Reduced basis approaches to speed up kinetic transport simulations
ICERM - November 2021
Reduced basis approaches to speed up kinetic transport simulations
Linear kinetic transport equations play a critical role in optical tomography, radiative transfer and neutron transport. The physical and velocity/angular variables that the solution depends on are 6-dimensional, and the problem is inherently multiscale in nature. These features hamper the efficient and accurate numerical simulation of such problems. As part of ICERM’s Spring 2020 program on Model and dimension reduction in uncertain and dynamic systems, Yanlai Chen, Yingda Cheng, Fengyan Li, and Zhichao Peng joined together to work on a reduced order model approach that would allow efficient and robust simulations of linear kinetic transport equations. [Link to: A reduced basis method for radiative transfer equation,
Authors: Zhichao Peng, Yanlai Chen, Yingda Cheng, Fengyan Li
arXiv:2103.07574 https://arxiv.org/abs/2103.07574]
The key observation exploited by the group is that the diffusive limit of these equations (the limit as the Knudsen number goes to zero) hints at the existence of a hidden low-rank structure. Leveraging this idea, they designed and tested an angular-space reduced order model for the linear radiative transfer equation. At the core of this approach is an iterative density cascade procedure where the macroscopic density is constructed from reduced basis method (RBM) snapshots, treated explicitly and allowing a transport sweep, and then updated afterwards. A greedy algorithm can then proceed to adaptively select the representative samples in the angular space and form a surrogate solution space. This novel approach is used as an inner-layer solver of a multi-layer framework that enables robust and accurate reduction across parameter and angular spaces.

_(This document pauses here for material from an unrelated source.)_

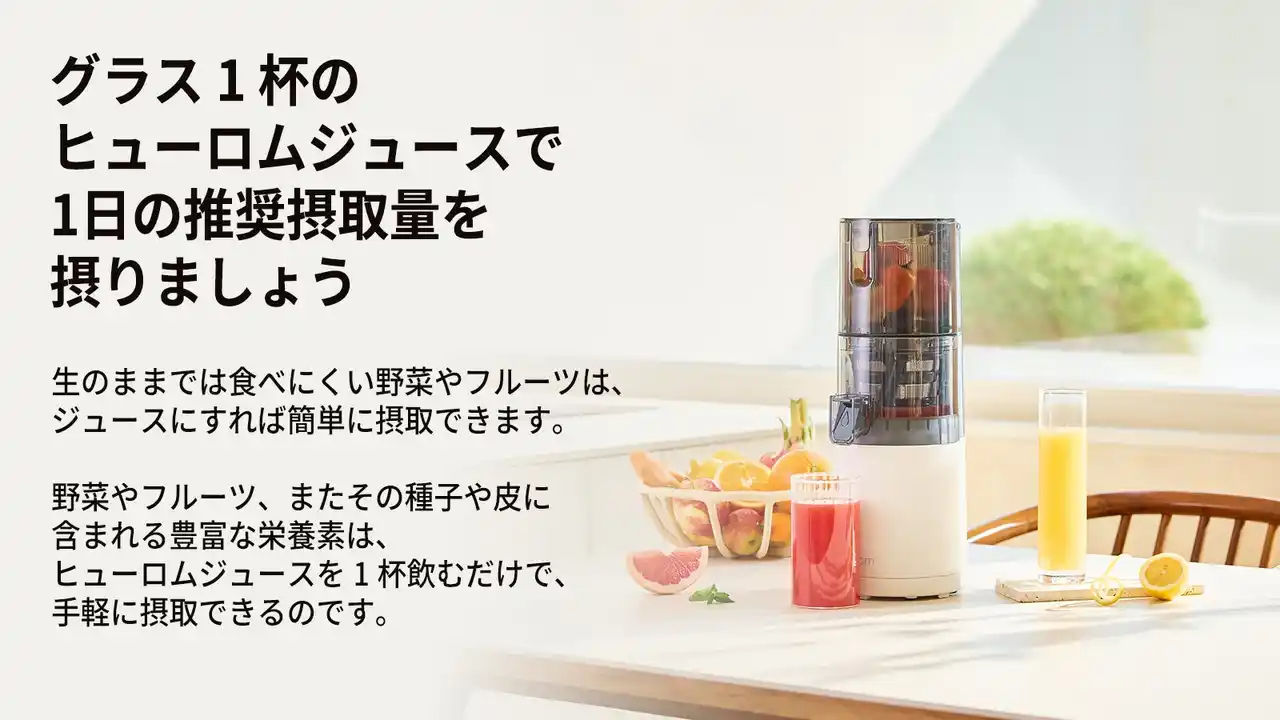 世界88の国や地域で展開するコールドプレスジューサーのパイオニア、HUROM株式会社(本社:東京都港区、以下ヒューロム)は、当社史上最少となるコンパクト設計のコールドプレスジューサー「Hurom E30ST」を、応援購入サービス Makuake(マクアケ) にて2026年4月21日(火)より先行販売を開始いたします。 |

The figure above shows that, for two different sample problems, the reduced order model (bottom half) captures the solution well compared to the full order model (top half). This is confirmed by rigorous accuracy and efficiency studies that revealed a 6x speedup for two physical and one angular dimensions while committing an error of less than 1%. More dramatic savings are expected when either the dimension is higher or when the kinetic system is parametrized.